Despite our modern technologies—many of which offer impressive benefits, but a good deal of which do nothing but obfuscate—much of clinical medicine is still talking, listening, observing, palpating, and reflecting. Clinical medicine is a human interaction that does not distil easily into the EMR straightjacket.
Yes, there are a few remaining free-text fields, but freewheeling composition is clearly frowned up. Once, in an earlier iteration of our EMR, I reached the character limit when trying to elaborate a patient with a knot of cardiac, endocrine, renal, and pulmonary conditions, all of which had reached a severe stage. I had already pared down this octopus of a case to a degree that would crimson the cheeks of Strunk & White, but I still kept hitting up against the EMR’s limit. In desperation, I called the help desk (an oxymoron perhaps better left undiscussed) and was told sharply, “Well, we can’t have you doctors rambling on.”
I’m thankful that my predecessors were not so constrained. Yes, perhaps it was the very paucity of viable medical treatments that offered them the luxury of time, space, and ink. Luckily, their floridity of description, indulgence of metaphor, and liberal lifting from Latin, Greek, and French, have left us traces of beauty in the lingua medica.
With whatever shrinking free-text allotments clinicians are still permitted, we can slip in the café-au-lait spots, the port-wine stains, and the palpable thrills (the G-rated cardiac kind), and appreciate the honeyed syllables of cystocoeles and cyanosis.
And we can find relief in the renewed acknowledgment of medical humanities. The Association of American Medical Colleges (AAMC) released a 2020 report, The Fundamental Role of the Arts and Humanities in Medical Education, advocating for humanities as a crucial tool for the “cultivation of practical wisdom.” It is easy to be smart—students who enter the health professions are already smart and access to electronic databases makes us even smarter. But it is far harder to be wise. “Human suffering and illness arise within complex contexts,” notes the AAMC report, and good medicine requires the “ability to integrate one’s deep fund of knowledge, ethical sensibilities, and emotional intelligence to know how to do the right thing in this circumstance, with this patient.” Humanities offer rigorous grounding in nuance and ambiguity—practical wisdom for the everyday clinician.
It makes perfect sense that the crispness of Anton Chekhov, the veracity of Lucille Clifton, and the abandon of Walt Whitman should reside in the curriculum alongside the diagnostic algorithm for adrenal insufficiency and the preoperative cardiac risk assessment. I keep my office well stocked with copies of our literary magazine so that when the EMR threatens to flatline me, I can always reach for a poem.

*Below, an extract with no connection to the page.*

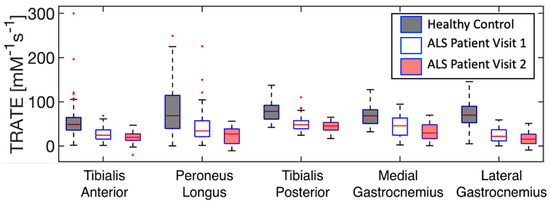 Evolution of TRATE measurements over time in a representative dataset are presented as boxplots for each muscle group. TRATE reduction between visits 1 & 2 was observed among all ALS affected muscle groups.
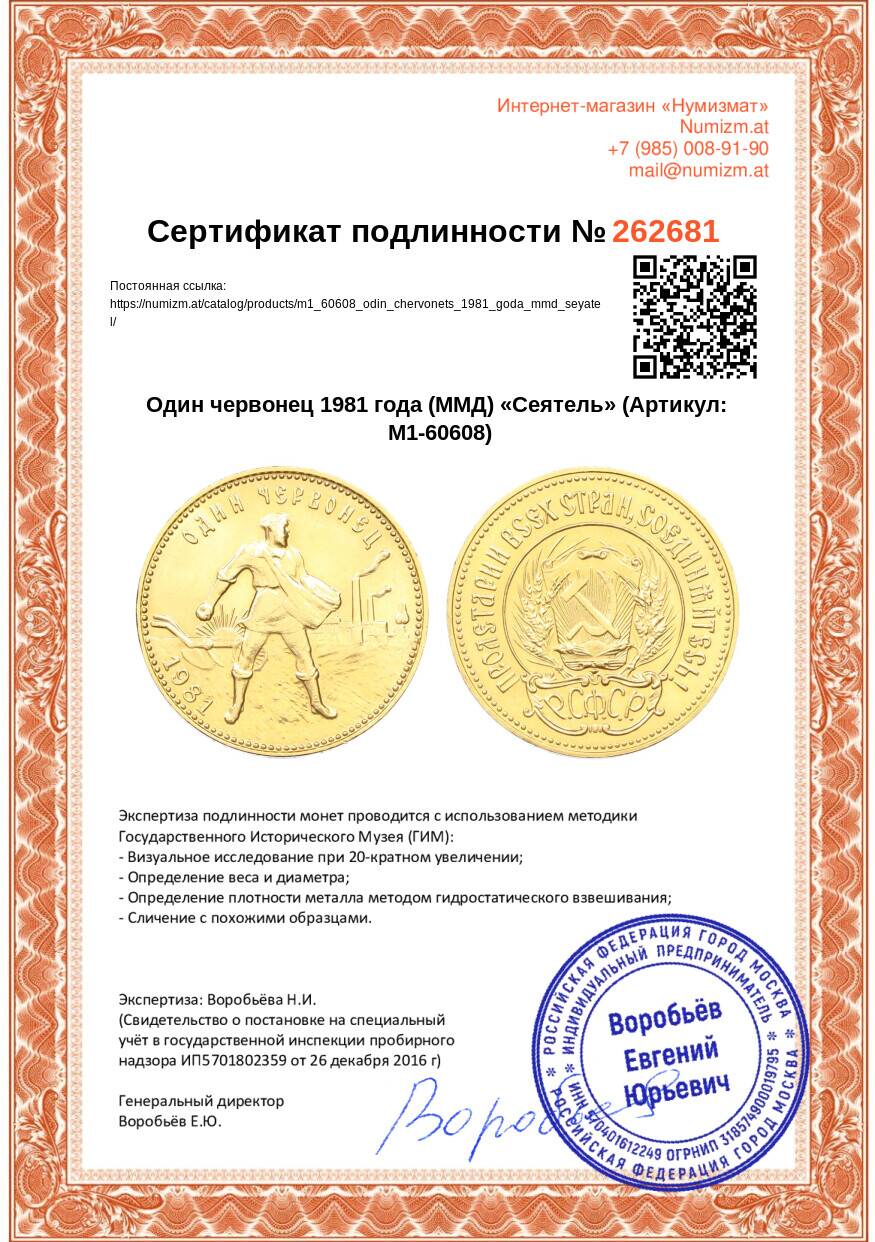 20.01.2025Интернет магазин «Нумизмат» предлагает приобрести Один червонец 1981 года (ММД) «Сеятель».

When the suffocating diction of algorithmed medicine gives me acute borborygmi, a dose of luscious metaphor is the perfect Rx.
I also hand out copies to my patients. For patients, who have to put up with even more bureaucratic blarney than their doctors and nurses do, the language of a literary journal can be a true balm. In our frenetic, fractured medical world that treats patients as objects upon which healthcare will be “delivered,” literature and poetry burrow deeper into the planes of vulnerability that illness engenders. The language is encompassing and humanising; the metaphors resonant and grounding.
And unlike the other things I routinely hand out to my patients, this doesn’t cause constipation, vertigo, nausea, or flattened libido. I wish I could say the same about the language of our politicians these days; but that’s a whole other story.